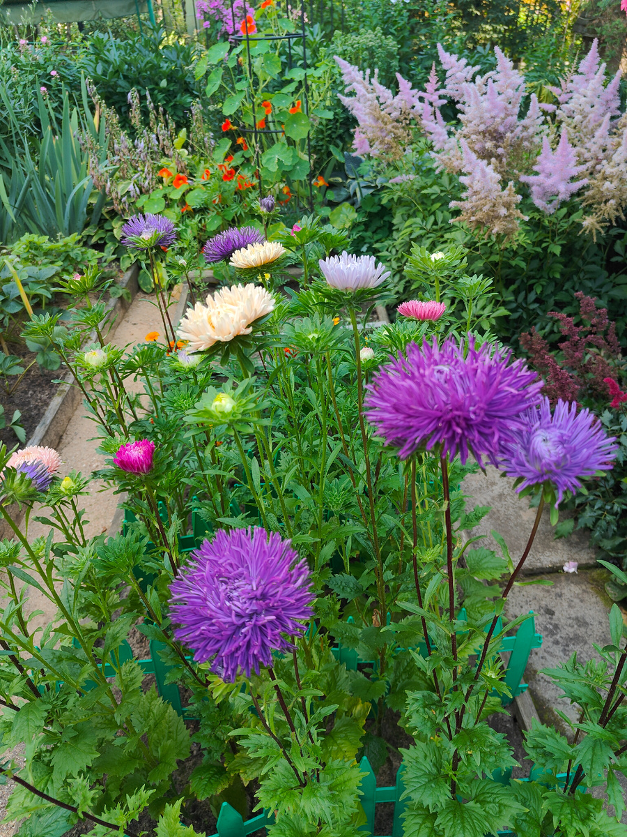 Первый раз решила посадить в этом году астры не точечно в разные цветники, а все вместе просто на грядку. И вот к началу августа они зацвели. Давным-давно, в детстве, так сажали астры в деревне, где жила моя бабушка. Я там проводила все школьные каникулы. У нас цветов не было никаких, и я любовалась на соседские. Больше других меня привлекали бархатцы и астры. И тех, и других высаживали по несколько сортов. А я подолгу разглядывала все возможные вариации цвета. С тех пор астры - одни из моих любимых цветов. Когда у нас уже появилась своя дача, я обратила внимание, что через участок от нас тоже выращивали астры отдельно от остальных цветников, плотной куртинкой. Вспомнилось детство и любимые астры. А в прошлом году в одном из традиционных путешествий по окрестным СНТ мне встретилась просто волшебная картина: весь палисадник был засажен только астрами. И они цвели ковром! И вот тогда я точно решила, что в следующем году точно посажу астры именно так - все вместе, кучно. Выращиваю я ас
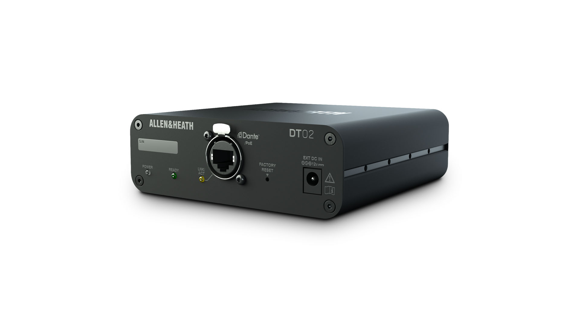 DT02 — это недорогой, компактный интерфейс Dante 48 кГц/96 кГц, обеспечивающий 2 выхода XLR там, где они вам нужны. DT02 идеально подходит для широкого спектра стационарных установок и проката AV/портативных приложений. Его можно использовать с любым микшером Allen & Heath, оснащенным Dante интерфейсом, или системой AHM, а также с системами Dante сторонних производителей.
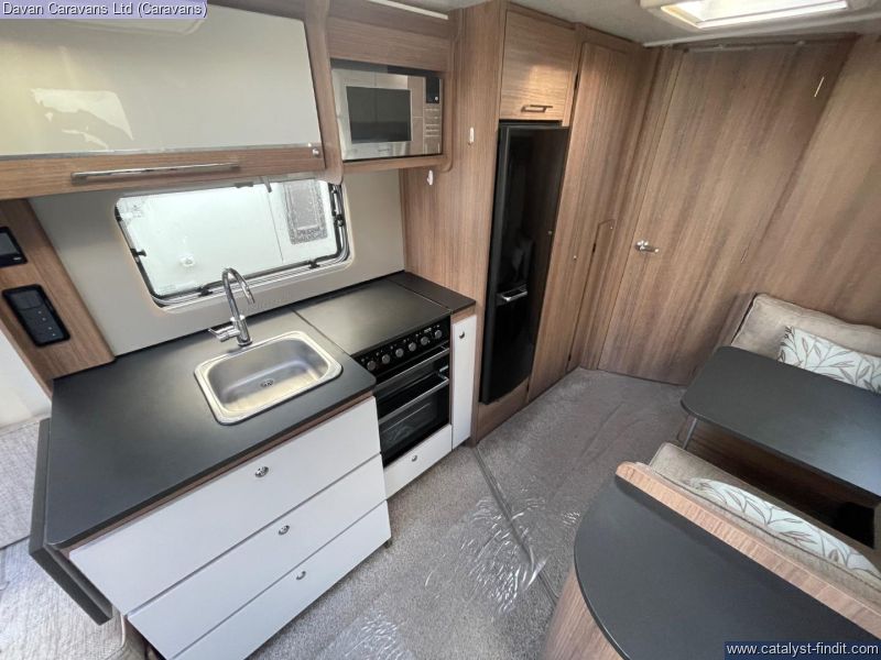 At the rear, the full- width washroom gives you the luxury of a proper changing area, a spacious shower, and that sense of privacy you don’t always find in a single-axle caravan. As a Unicorn, it comes with the premium finish you’d expect—Alde heating, quality upholstery, and a solid, well-cared-for feel throughout. Side Dinette Layout This caravan includes:
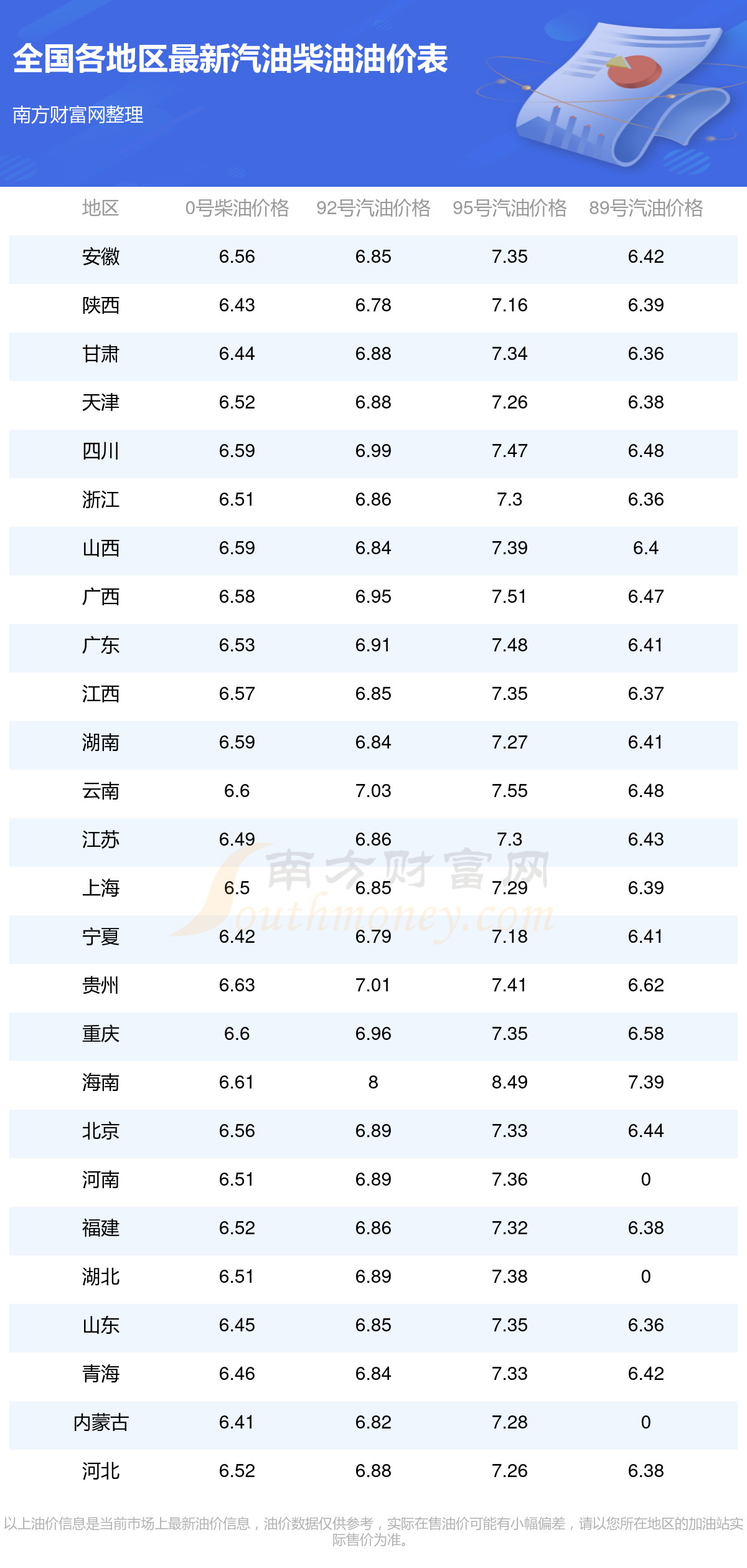 12月3日全國(guó)各地汽油今日油價(jià)?
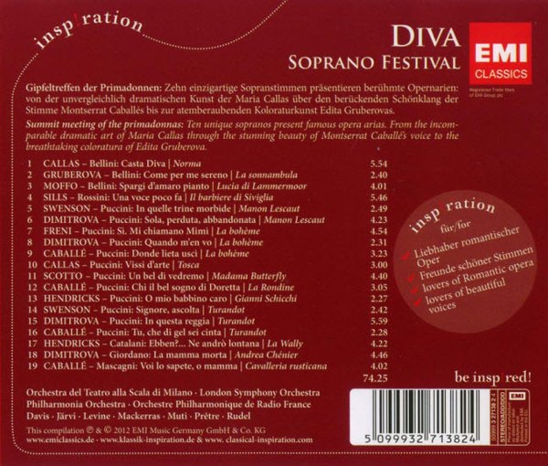 这张CD一共收录了十九首,二十世纪后半叶十位知名女高音演唱的咏嘆调。有义大利的抒情女高音安娜莫芙、美国的花腔女高音席尔丝、新一代的抒情女高音史温森、帕华洛帝的最佳搭档和同乡芙蕾妮、卡拉丝继承人史柯朵、美国黑人抒情女高音韩翠克丝等人。她们分别演唱了来自歌剧托丝卡、杜兰朵公主、乡间骑士、梦游女、赛维亚理髮师、波西米亚人等剧中的知名咏嘆调,盪气迴肠,绕樑三日不绝於耳。德国EMI的选曲,有著最高规格的审美标準和眼光。
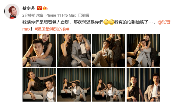 16日,蔡少芬晒出与张晋的夫妻合体大片,俊男靓女同框惹人羡慕。并发文自侃“我猜你们想看双人合影,那我就满足你们,我真的拍到抽筋了~”
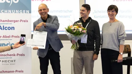 Rolf-Weinschenk-Preis: Jessica Kemper erhielt den Rolf-Weinschenk-Preis für ihr wissenschaftliches Poster zu Scheitelbrechwertprofilen weicher Kontaktlinsen. Ihre Ergebnisse tragen zur Optimierung der Kontaktlinsenanpassung bei und bieten Augenoptikern wichtige Einblicke in die optischen Eigenschaften von Kontaktlinsen. Der mit 500 Euro dotierte Preis wurde von Hecht Contactlinsen gesponsert.
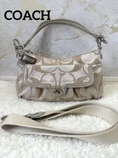 COACH コーチ ショルダーバッグ シグネチャー キャンバス レザー ホワイト
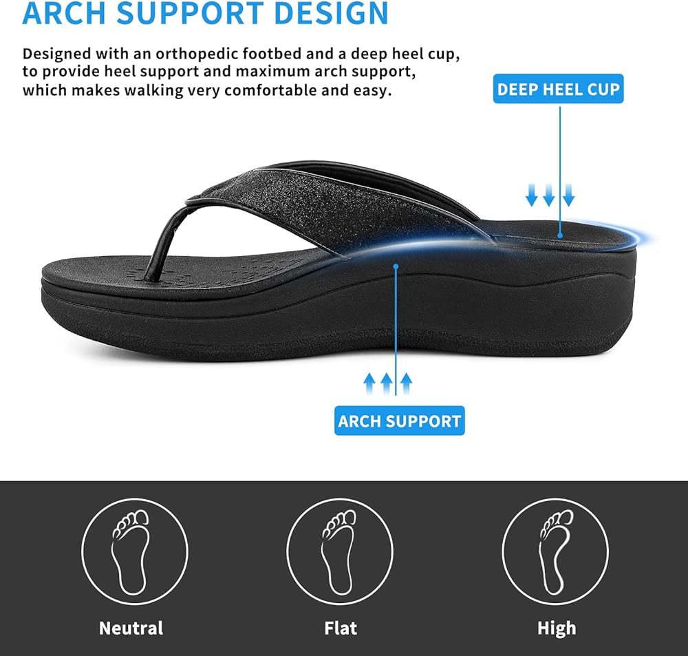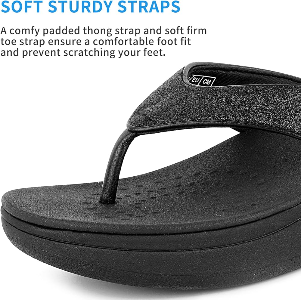ERGOfoot منصة فليب فلوب للنساء مع دعم للقوس، شباشب لتقويم العظام للنساء، صنادل لالتهاب اللفافة الأخمصية للقدم المسطحة، صنادل مريحة بنمط ثونغ
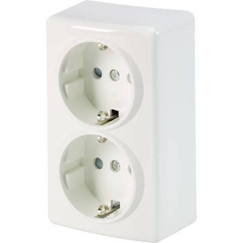 A krémfehér csatlakozóaljzat beltéri falon kívüli szerelésre alkalmas, és legfeljebb 2,5 mm2 keresztmetszetű vezetékekhez használható. A speciális műanyagból készült, egyenes vonalakkal rendelkező, tetszetős formájú ház a lakótérben használható kapcsolócsalád közös jellemzője, minőségét a VDE ellenőrizte. Névleges feszültsége 230 V, névleges áramerőssége 16 A. A 2 részes csatlakozóaljzat csatlakoztatása a csavaros technikával nagyon egyszerűen tört
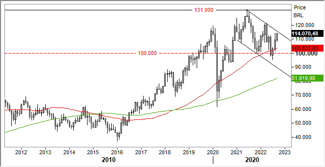 Operatività. Siamo ottimisti sulle prospettive di lungo periodo della borsa. Sfruttare lo scenario per costruire posizioni di lungo periodo: si può accompagnare il movimento con acquisti, anche a prezzi di mercato, stando pronti a incrementare sulla forza alla prima chiusura sopra 114mila punti sul primo grafico. Il target naturale è in direzione dei top assoluti. Stoppare prudenzialmente in caso di discesa sotto 100mila punti.
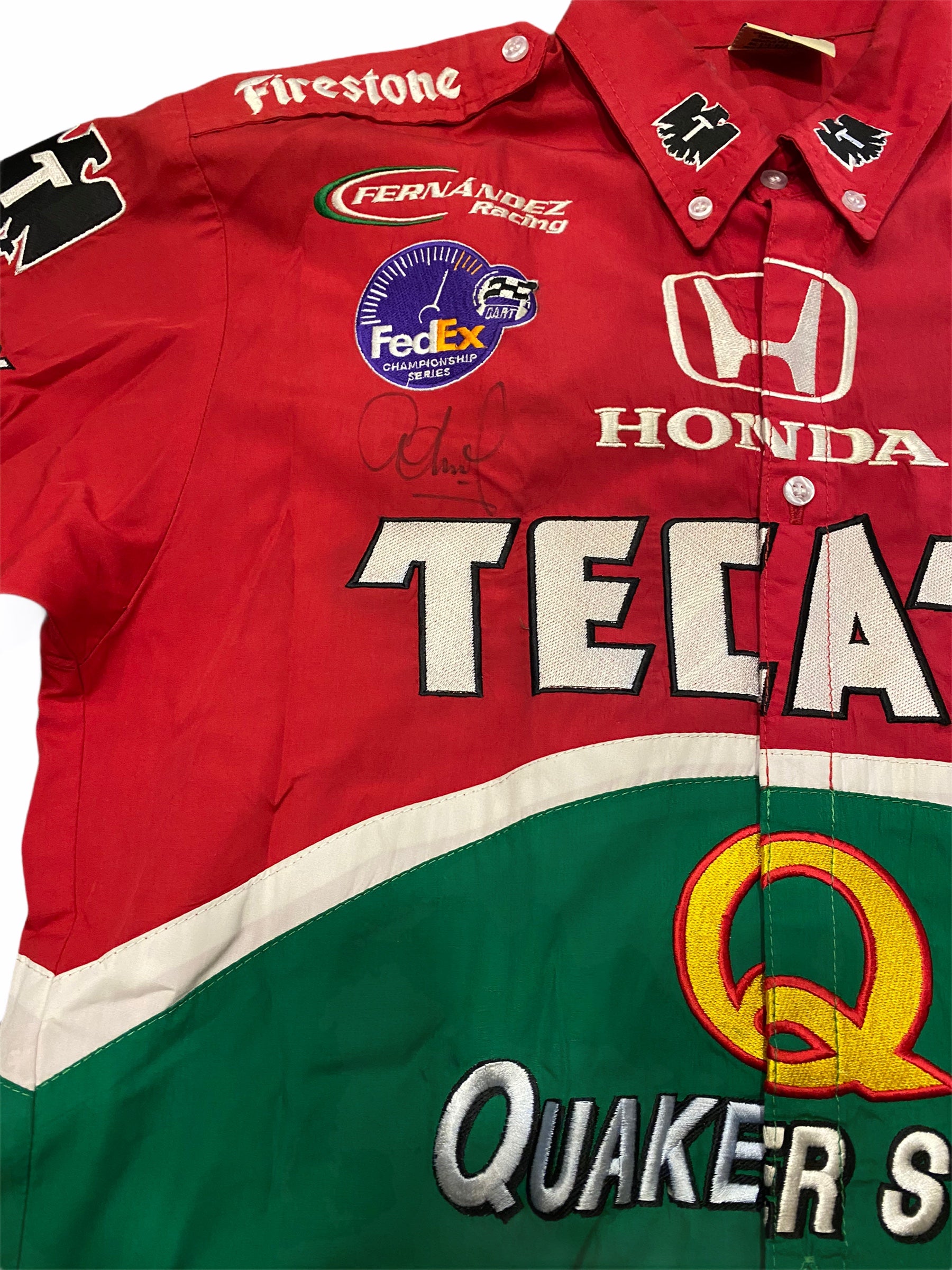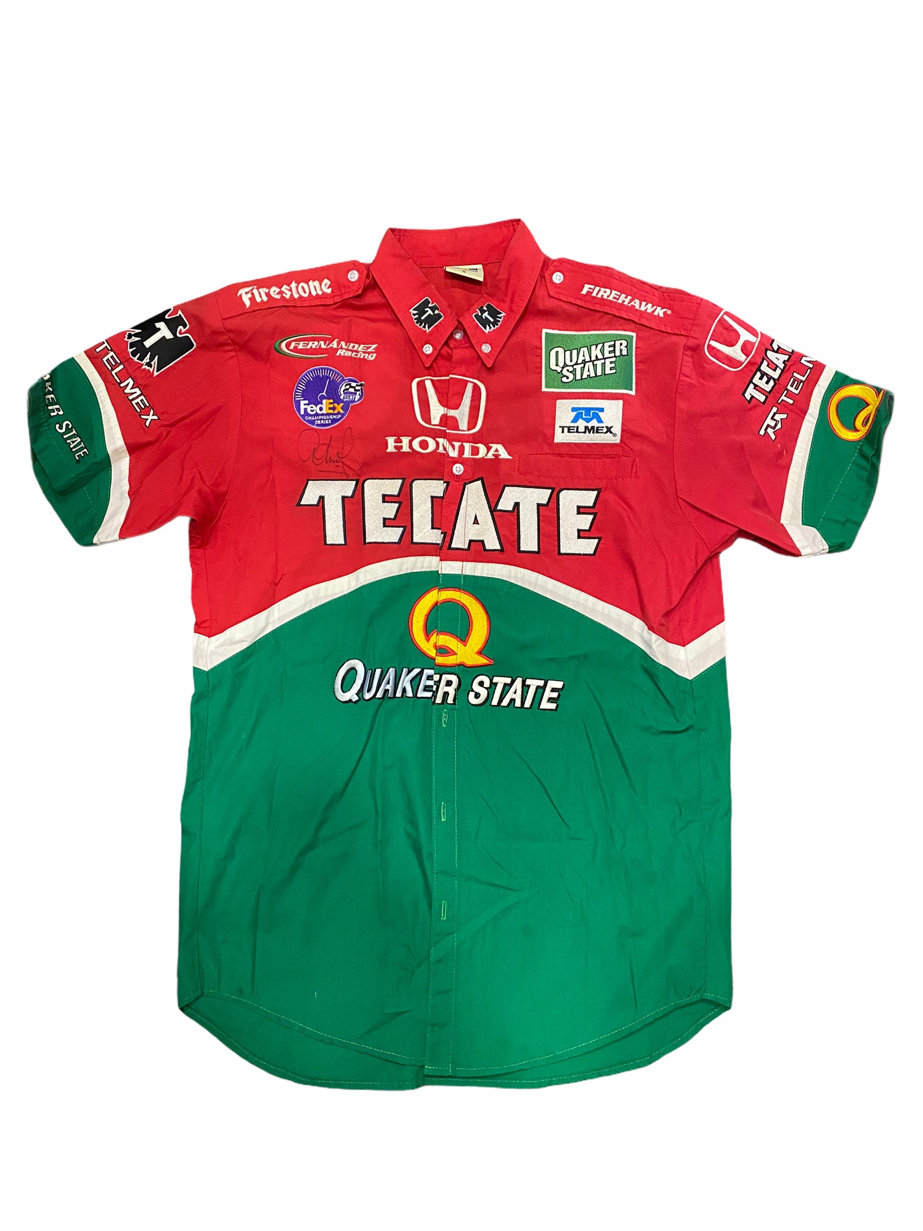 Jersey autentico firmado por el ex corredor mexicano de Indy car Adrián Fernández.
---
### Exercise prompt
Only the lines from the first line of the listing above through the line with "这张CD一共收录了十九首,二" should be set down, exactly and without pictures.

### Output of the task
 Первый раз решила посадить в этом году астры не точечно в разные цветники, а все вместе просто на грядку. И вот к началу августа они зацвели. Давным-давно, в детстве, так сажали астры в деревне, где жила моя бабушка. Я там проводила все школьные каникулы. У нас цветов не было никаких, и я любовалась на соседские. Больше других меня привлекали бархатцы и астры. И тех, и других высаживали по несколько сортов. А я подолгу разглядывала все возможные вариации цвета. С тех пор астры - одни из моих любимых цветов. Когда у нас уже появилась своя дача, я обратила внимание, что через участок от нас тоже выращивали астры отдельно от остальных цветников, плотной куртинкой. Вспомнилось детство и любимые астры. А в прошлом году в одном из традиционных путешествий по окрестным СНТ мне встретилась просто волшебная картина: весь палисадник был засажен только астрами. И они цвели ковром! И вот тогда я точно решила, что в следующем году точно посажу астры именно так - все вместе, кучно. Выращиваю я ас
 DT02 — это недорогой, компактный интерфейс Dante 48 кГц/96 кГц, обеспечивающий 2 выхода XLR там, где они вам нужны. DT02 идеально подходит для широкого спектра стационарных установок и проката AV/портативных приложений. Его можно использовать с любым микшером Allen & Heath, оснащенным Dante интерфейсом, или системой AHM, а также с системами Dante сторонних производителей.
 At the rear, the full- width washroom gives you the luxury of a proper changing area, a spacious shower, and that sense of privacy you don’t always find in a single-axle caravan. As a Unicorn, it comes with the premium finish you’d expect—Alde heating, quality upholstery, and a solid, well-cared-for feel throughout. Side Dinette Layout This caravan includes:
 12月3日全國(guó)各地汽油今日油價(jià)?
 这张CD一共收录了十九首,二十世纪后半叶十位知名女高音演唱的咏嘆调。有义大利的抒情女高音安娜莫芙、美国的花腔女高音席尔丝、新一代的抒情女高音史温森、帕华洛帝的最佳搭档和同乡芙蕾妮、卡拉丝继承人史柯朵、美国黑人抒情女高音韩翠克丝等人。她们分别演唱了来自歌剧托丝卡、杜兰朵公主、乡间骑士、梦游女、赛维亚理髮师、波西米亚人等剧中的知名咏嘆调,盪气迴肠,绕樑三日不绝於耳。德国EMI的选曲,有著最高规格的审美标準和眼光。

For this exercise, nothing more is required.